The entire architecture enforces:
- ✅ Explicit exclusions → Demographics can't be measured
- ✅ Transparency → Every assessment is explainable
- ✅ Third-party audits → External verification (DAIR Institute)
- ✅ Multiple pathways → No single narrow test
- ✅ Free training → No socioeconomic gatekeeping
- ✅ Capability-first routing → No cost-driven discrimination
- ✅ Cryptographic logging → Every decision is auditable
- ✅ Constitutional constraints → Rule of Threes blocks harmful features
Investors cannot override it.
Founders cannot compromise it.
Market pressure cannot erode it.
AI cannot bypass it.
This is what makes HUMAN trustworthy.
HUMAN-ONLY GUARANTEES
The CG guarantees:
- You can always see your capability graph.
- You can always edit/remove sensitive nodes.
- You can always revoke access instantly.
- You can lock your graph with biometric consent.
- You can delete your graph and take it with you (enterprise cannot).
The Capability Graph is a human possession, not an enterprise asset.
HOW HUMANOS USES THE GRAPH
HumanOS uses the graph to:
- route work safely
- escalate at the right time
- prevent overwhelm
- match tasks to capability
- identify mentorship opportunities
- guide AI boundaries
Example:
If a person shows high "ambiguity triage," HumanOS may route early-warning tasks.

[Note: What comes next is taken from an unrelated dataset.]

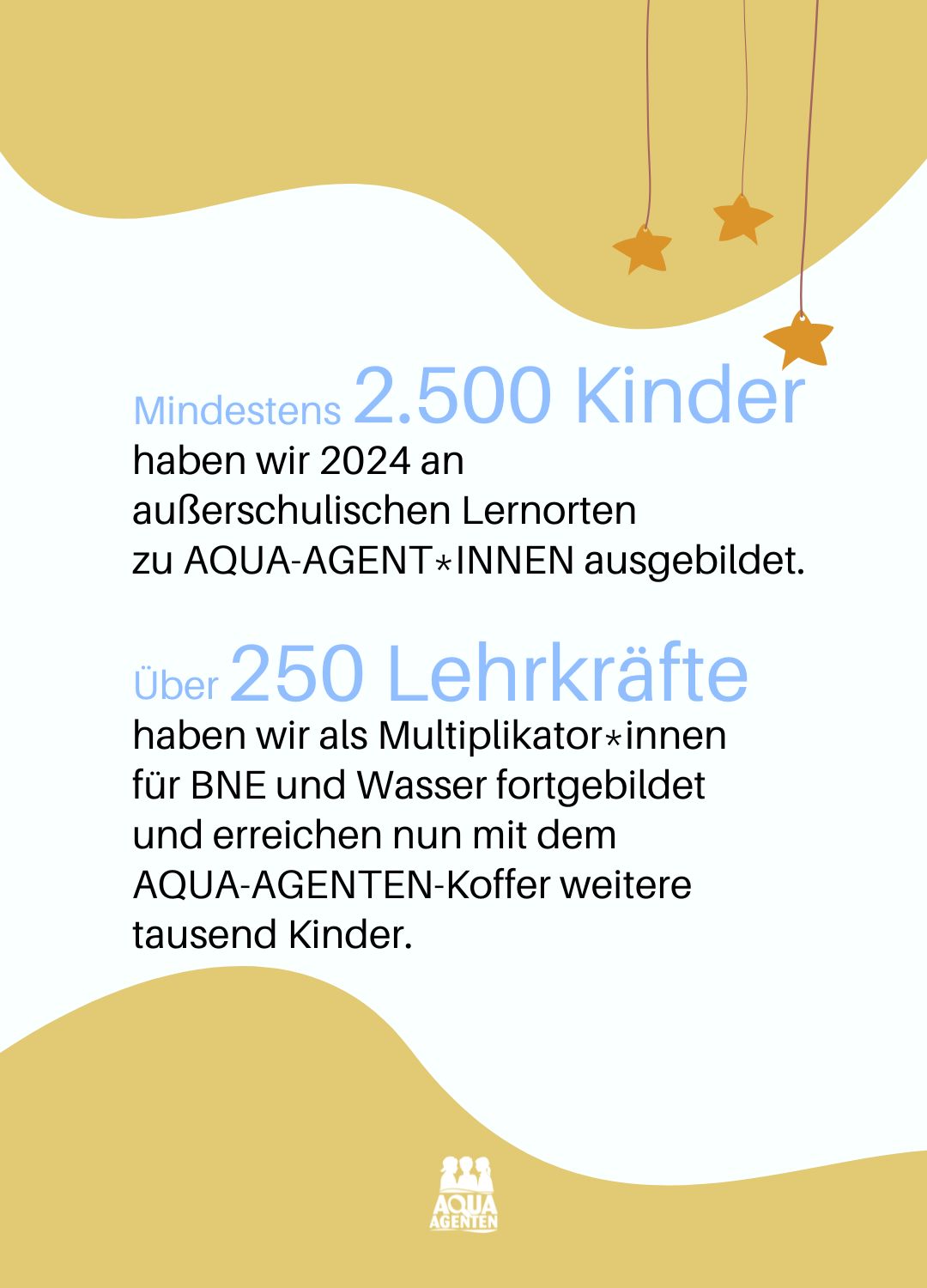 Gemeinsam mit unserem AQUA-AGENTEN-Netzwerk haben wir mindestens 2.500 Kinder an außerschulischen Lernorten zu AQUA-AGENT*INNEN ausgebildet. Außerdem wurden bundesweit über 250 Lehrkräfte als Multiplikator*innen für BNE und Wasser fortgebildet und erreichen nun mit dem AQUA-AGENTEN-Koffer weitere tausend Kinder. Ganz nach dem Motto: Wasser - entdecken.lernen.schützen.

If they show strong "ethical escalation," HumanOS uses them for high-stakes checks.
Never exploitative.
Always protective.
WHY THE CAPABILITY GRAPH WINS
Because it achieves what no one else is even attempting:
- Representing human capability with dignity and truth
- Protecting people from algorithmic judgment
- Enabling AI to recognize when it needs a human
- Giving enterprises safe, verifiable human oversight
- Lifting people with gaps, nonlinear histories, or invisible experience
- Making growth continuous, guided, and owned by the person
The CG is the missing counterpart to AI models.
AI has weights.
Humans need capability graphs.
This is the match.
EDGE CACHING & LOCAL CAPABILITY DATA
See: 49_devops_and_infrastructure_model.md for complete edge/device architecture.
Where Capability Data Lives
| Data Type | Location | Update Frequency |
|---|---|---|
| Full capability graph | User's Passport Vault (device) | Real-time |
| Capability profile summary | Edge cache | 1-5 minute TTL |
| Capability proofs | Device (user-generated ZK proofs) | On-demand |
| Public attestations | Edge + Ledger | On attestation |
| Matching indices | Regional cloud | Batch updated |
Edge Caching Strategy
// Capability profile caching at edge
const CAPABILITY_CACHE_POLICY = {
// Public profile (safe to cache)
profileSummary: {
ttl: "5m",
staleWhileRevalidate: "1h",
key: (did) => `capability:profile:${did}`
},
// Capability existence check (for routing)
capabilityCheck: {
ttl: "1m",
key: (did, capability) => `capability:check:${did}:${capability}`
},
// Attestation verification (stable)
attestation: {
ttl: "24h", // Attestations don't change
key: (attestationId) => `capability:attestation:${attestationId}`
}
};
On-Device Capability Access
Users can access and prove capabilities without cloud:
// On-device capability proof generation
class LocalCapabilityProver {
async proveCapability(
capability: string,
verifier: DID,
minLevel: number
): Promise<ZKProof> {
// 1. Read capability from local vault
const localGraph = await this.vault.getCapabilityGraph();
const capNode = localGraph.find(capability);
// 2. Generate ZK proof on-device
const proof = await zkSnark.prove({
statement: `I have ${capability} at level >= ${minLevel}`,
witness: capNode,
publicInputs: [verifier, capability, minLevel]
});
// No cloud call needed — proof is self-contained
return proof;
}
}
Offline Capability Queries
HumanOS can make routing decisions offline using cached capability data:
// Offline capability matching
async function matchLocalCapabilities(task: Task): Promise<MatchResult> {
// 1. Get local capability cache
const localCache = await device.getCapabilityCache();
// 2. Check if user can handle task
const requiredCapabilities = extractRequirements(task);
const matches = requiredCapabilities.every(cap =>
localCache.has(cap.id) && localCache.get(cap.id).level >= cap.minLevel
);
// 3. Return match (will sync provenance when online)
return {
matched: matches,
offline: true,
syncRequired: true
};
}
Result: Capability verification and proof generation work entirely on-device. Cloud is only needed for:
- Complex multi-user matching (Workforce Cloud)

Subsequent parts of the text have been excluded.